Lesson 2. Visualize NCEP's High-Resolution Rapid Refresh (HRRR) Temperature Data using zarr¶

Objectives:

  1. Learn what is Zarr and its foundational principles
  2. Access archived NCEP HRRR data hosted on AWS S3 in Zarr format
  3. Visualize one of the variables (2m temperature) at a specific point in time

What is Zarr?¶

zarr_logo_horizontal.svg

Zarr is an open-source specification and library for storing large, multi-dimensional typed arrays (tensors) in chunked, compressed formats, optimized for cloud object storage. It enables efficient parallel I/O, allowing concurrent reads and writes, making it ideal for large-scale scientific data analysis. Zarr is often described as a "cloud-native" alternative to older formats like HDF5.

Gridded datasets, especially those produced by operational meteorological centers such as NCEP and ECMWF, are typically in NetCDF and GRIB formats. Zarr is a relatively new data format. It is particularly relevant in the following two scenarios:

  1. Datasets that are stored in what's called object store. This is a commonly-used storage method for cloud providers, such as Amazon, Google, and Microsoft.
  2. Datasets that are typically too large to load into memory all at once.

Xarray supports the Zarr format in addition to NetCDF and GRIB. The Pangeo project specifically recommends Zarr as the Xarray-amenable data format of choice in the cloud.

How is data stored in Zarr?¶

zarr_diagram

Key features and details about Zarr include:

  • Cloud-Native Design: Zarr is specifically designed to work efficiently with object stores like AWS S3, Google Cloud Storage, and Azure Blob Storage.
  • Chunked Storage: Data is divided into smaller chunks, allowing only necessary portions to be loaded into memory, which improves performance for large datasets.
  • Compression: Chunks are individually compressed, optimizing storage space.
  • Interoperability: It is used across various languages, including Python, Julia, Java, C++, and Rust.
  • Structure: It uses a directory-like hierarchy to store metadata (in JSON) and data (as binary files).
  • Use Cases: It is widely used for high-dimensional scientific data, such as neuroimaging, climate science, and bioimaging.

Data Organization¶

The Zarr data specification organizes data as a hierarchical structure that mirrors the shape and organization of your arrays. Here’s a quick breakdown of how the data is stored (based on the Zarr V3 storage specification):

Zarr separates where data is stored from how it’s organized, using two key concepts: stores and groups.

A Store is the backend that defines where the data physically lives. A Zarr store can be:

  • A directory on disk (e.g., LocalStore)
  • A cloud bucket (e.g., FsspecStore for s3://…)
  • An in-memory dictionary (e.g., MemoryStore)
  • A custom system like Icechunk (covered below)

A Group is a logical container for organizing data, like folders in a file system.

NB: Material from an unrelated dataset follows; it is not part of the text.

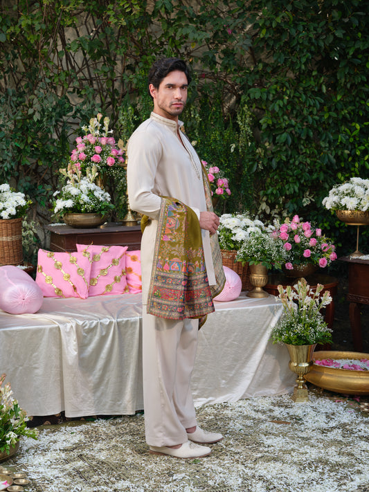 Beige Armani Festive Kurta Set with Hand Work & Jacquard Dupatta

  • A group can contain multiple related Zarr arrays
  • It can also hold other groups (nested hierarchy)
  • Each group has its own metadata (in zarr.json)
  • Groups live within a store

If you want to read more details, please refer to this blog post by Earthmover.

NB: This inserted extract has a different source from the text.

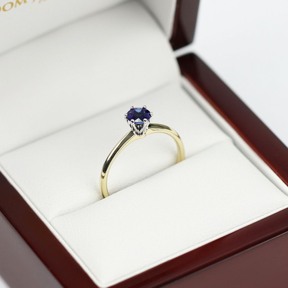 Zjawiskowy pierścionek wykonany z żółtego i białego złota próby 0,585 z sześcioramienną koroną w której z doskonałą precyzją zakuty został szafir o masie 0,53 ct. Niepowtarzalny urok pierścionka dodatkowo został podkreślony blaskiem brylantu o masie 0,01 ct ukrytego w szynie pierścionka. Całość zachwyca piękną, klasyczną formą oraz ponadczasowym wyglądem. Subtelna i pełna wdzięku kompozycja dedykowana dla pań lubiących otaczać się eleganckimi dodatkami.

Step 1. Load the necessary libraries¶

In [1]:
import xarray as xr
import numpy as np
import matplotlib.pyplot as plt
import cartopy.crs as ccrs
import cartopy.feature as cfeature
import pandas as pd
import s3fs
import metpy
from importlib.metadata import version
import warnings #dont print warnings
warnings.filterwarnings('ignore')

Step 2. Access archived NCEP HRRR data hosted on AWS in Zarr format¶

For a number of years, the Mesowest group at the University of Utah has hosted an archive of data from NCEP's High Resolution Rapid Refresh model. This data, originally in GRIB-2 format, has been converted into Zarr and is freely available "in the cloud", on Amazon Web Service's Simple Storage Service, otherwise known as S3. Data is stored in S3 in a manner akin to (but different from) a Linux filesystem, using a bucket and object model.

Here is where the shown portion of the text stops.